Table 4: Descriptive statistics of serum cholesterol by race and sex.
Race	Sex	Frequency	Minimum	Maximum	Mean	SD
White	Male	4306	84	468	213.57	45.62
White	Female	4745	88	828	222.47	52.02
Black	Male	500	105	418	209.12	50.22
Black	Female	586	80	471	217.27	52.27
Other	Male	103	113	315	215.86	38.47
Other	Female	97	117	316	211.70	45.39

Descriptive statistics: Multiple quantitative variables

In the above examples, we have just considered multiple descriptive statistics of a single quantitative variable by one or two categorical variables. In the next examples, we illustrate how to compute two statistics for multiple quantitative variables by a single categorical variable. The first example shows the calculation of the mean and standard deviation while the second shows the calculation of the median and interquartile range.

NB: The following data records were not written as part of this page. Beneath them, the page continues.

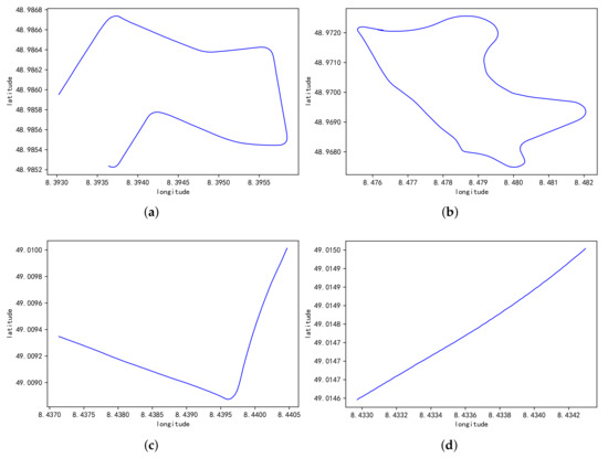 (a–d) The four global trajectories of the vehicle.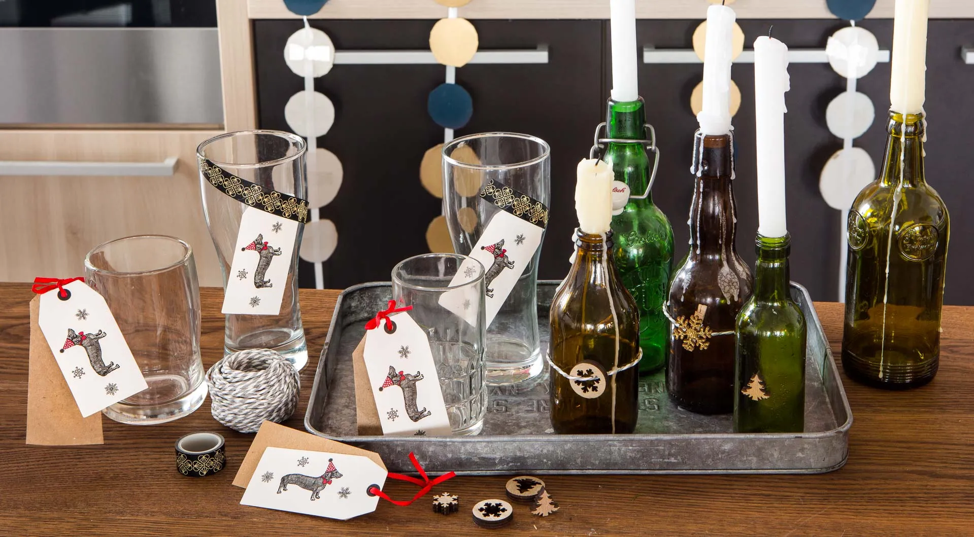Фуршетный стол для молодой компании позволит гостям свободно перемещаться с бокалами в руках, но только нужно обязательно подписать бокалы, для этого можно использовать смешные карточки с именами. Пустые пивные бутылки можно использовать в качестве подсвечников.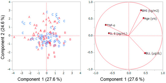 Principal component analysis of the plasma cytokines, tumor necrosis factor alpha (TNF-α) and interleukin-8 (IL-8) and their relationship with the age, body mass index (BMI), and BLL in the total samples analyzed (n = 129) in adult females and males (alphabetical letters represents the four groups investigated in the study: A = low BLL female; B = high BLL female; C = low BLL male; and D = high BLL male groups).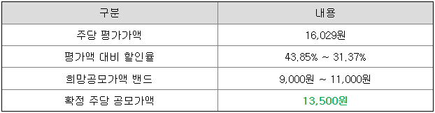당초 희망 공모가격 상단 11,000원 대비 2,500원(22.73%) 상향 조정된 가격입니다.

We begin by creating the function combinestats() that will be used to combine the mean and (standard deviation) in the first example, and the median and (interquartile range) in the second example. This function accepts two arguments - data and statistic which specify a vector with the data values and the statistic to compute (mean/median) respectively.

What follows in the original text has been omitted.